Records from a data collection
▬▬▬▬▬▬▬▬▬▬

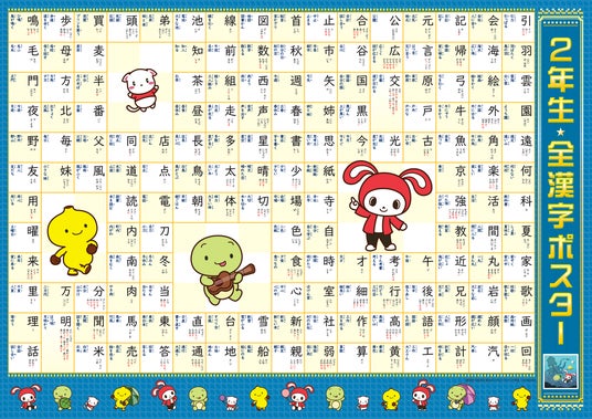 ポスターはB3サイズの超特大版。表面には小学1年生で習う全漢字を、裏面には小学2年生で習う全漢字を掲載しています。ポスターを使えば、お子さまのやる気がアップすること間違いなし!
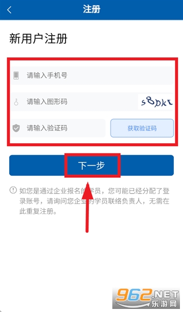 5、输入手机号,图形码,短信验证码,点击下一步即可
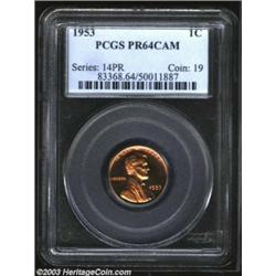 1953 1C PR64 Cameo PCGS. The outward appearance of this fully lustrous specimen is that of a Gem. Th
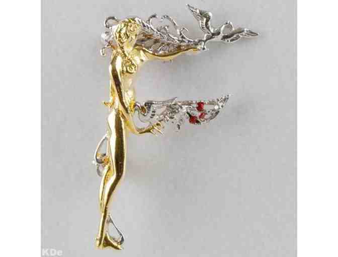 From "The Father of Art Deco" ERTE! Dazzling "F"-shaped Pendant/Brooch, made of Gold-Plated Sterling Silver, with Hand-Set Swarovski Crystals! ** List Price: $395.00
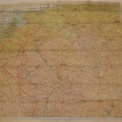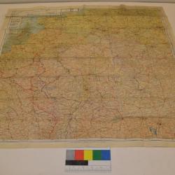 Donated by Pauline Kalogeras. The map was used to help navigate during flight during WWII in the European theater. Chris was a radio operator and gunner in the 401 Bomb group.
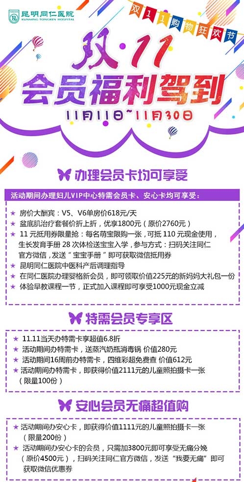 现在双十一狂欢节即将来临,心动不如行动!在同仁妇儿VIP中心,11月11日~30日期间,办理安心卡的会员只需加购3800元即可享受“无痛分娩”呦!

▬▬▬▬▬▬▬▬▬▬

• **What is being asked**: Copy the lines from the line that contains "Donated by Pauline" through the end of the records, exactly and with nothing added; leave the pictures out.

• **Exercise result**:
 Donated by Pauline Kalogeras. The map was used to help navigate during flight during WWII in the European theater. Chris was a radio operator and gunner in the 401 Bomb group.
 现在双十一狂欢节即将来临,心动不如行动!在同仁妇儿VIP中心,11月11日~30日期间,办理安心卡的会员只需加购3800元即可享受“无痛分娩”呦!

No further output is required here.